The mistake is thought to have cost Google £13.7bn, and has confirmed suspicions that the company is suffering the results of decreased revenue from web advertisers. The announcement that Google’s profits were down 20pc was scheduled to take place after the New York Stock Market had closed, but the early release saw a frenzy of panic, causing the stock value to nosedive.
The mistake is thought to rest with one of Google’s partner’s, R R Donelly, who are responsible for the printing of their financial documents, after which Google released the following statement: “We have ceased trading on Nasdaq while we work to finalise the document. Once it’s finalised we will release our earnings, resume trading in Nasdaq and hold our earnings call as normal”.

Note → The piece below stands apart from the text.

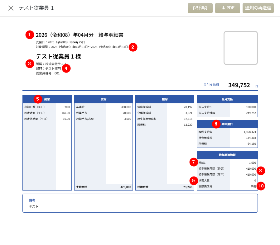 「給与明細・賞与明細共通」で設定した各項目は、給与明細・賞与明細上で以下のように表示されます。

The amount of money the company has been receiving from individual adverts has fallen, meaning income per click was down about 15pc on the previous quarter. It is thought that the increased use of mobile devices could be a leading factor in this, and Google will have their work cut out to optimize and adapt to the change.
The web giant has committed to cutting costs over the past quarter, after revealing plans to cut staff from some of its divisions. However despite this, costs have shot up by 71pc leaving many analysts ‘alarmed’ by the recent decline of the business.